A Python application that recursively searches directories for duplicate and visually similar images using metadata analysis, file content hashing, and perceptual hashing.
-
Multi-stage Duplicate Detection:
- Primary: Timestamp metadata matching (EXIF DateTimeOriginal, CreateDate)
- Secondary: File content hash matching (SHA-256)
- Tertiary: Perceptual similarity using multiple hash algorithms (pHash, aHash, dHash, wHash)
-
Mode-based Operation:
- Detect mode: Scans for duplicates, stores results in persistent database, marks files for removal
- Remove mode: Reads database and removes images marked for deletion
- Protect mode: Marks specific images as protected from deletion
-
Intelligent File Selection: Automatically chooses which file to keep based on:
- Highest resolution (width × height)
- Largest file size (if resolution is identical)
- Simplest filename (shortest length, then lexicographical order)
-
Comprehensive Reporting: Generates reports in multiple formats:
- Human-readable text format
- CSV format for spreadsheet analysis
- JSON format for programmatic processing
-
Safe Operation:
- Dry-run mode for testing without file deletion
- User confirmation required for file removal
- Image protection system to prevent accidental deletion
- Persistent database tracks all operations
-
Performance Optimized:
- Parallel processing for I/O-bound operations
- SQLite database for efficient metadata storage and querying
- Configurable worker thread limits
- Skips system directories (@eaDir for Synology NAS)
-
Docker Support: Fully containerized with volume mounting for safe operation
- Clone the repository:
git clone <repository-url>
cd omnidupe
- Install dependencies:
pip install -r requirements.txt
Build the Docker image:
docker build -t omnidupe .
OmniDupe operates in three distinct modes:
Scan for duplicates and store results in the database:
python main.py detect --input-dir /path/to/images --output-dir /path/to/results
Advanced detection with custom settings:
python main.py detect \
--input-dir /path/to/images \
--output-dir /path/to/results \
--similarity-threshold 5 \
--report-format csv \
--max-workers 8 \
--verbose
Remove images that were marked for deletion during detection:
python main.py remove --output-dir /path/to/results
With dry-run to see what would be deleted:
python main.py remove --output-dir /path/to/results --dry-run --verbose
Mark specific images as protected from deletion:
python main.py protect --output-dir /path/to/results --file-path /path/to/image.jpg
# Step 1: Detect duplicates and create database
python main.py detect -i /photos -o /results --verbose
# Step 2: Protect important images (optional)
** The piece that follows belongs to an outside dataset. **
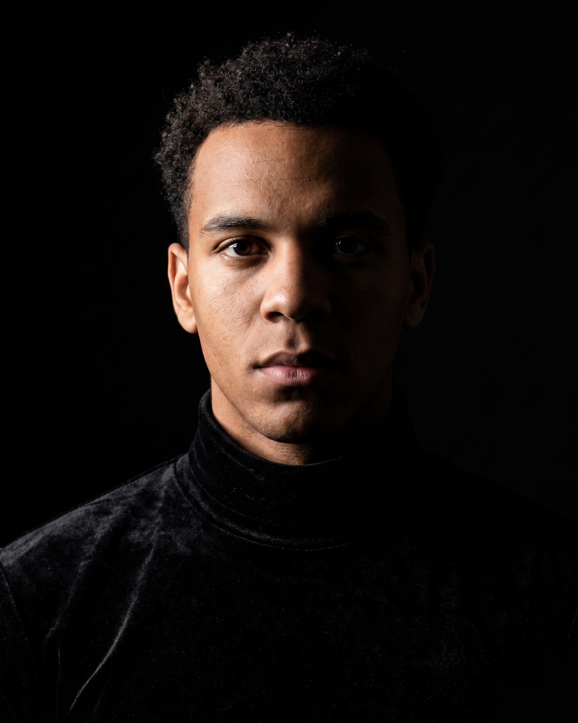 Dramatic Spotlight uses a single directional light source to carve form and depth — the Caravaggio approach. Shadow is not the enemy here. It's the tool that gives the portrait weight and presence.

python main.py protect -o /results --file-path /photos/family/wedding.jpg
python main.py protect -o /results --file-path /photos/vacation/sunset.jpg
# Step 3: Preview what will be deleted
python main.py remove -o /results --dry-run
# Step 4: Actually remove the duplicates
python main.py remove -o /results
Detection mode:
docker run --rm \
-v /path/to/images:/images:ro \
-v /path/to/output:/data \
omnidupe \
detect --input-dir /images --output-dir /data --verbose
Removal mode:
docker run --rm \
-v /path/to/images:/images \
-v /path/to/output:/data \
omnidupe \
remove --output-dir /data --dry-run
Protect mode:
docker run --rm \
-v /path/to/images:/images \
-v /path/to/output:/data \
omnidupe \
protect --output-dir /data --file-path /images/important.jpg
When using Docker, ensure proper permissions on mounted volumes:
# Option 1: Run with current user (recommended)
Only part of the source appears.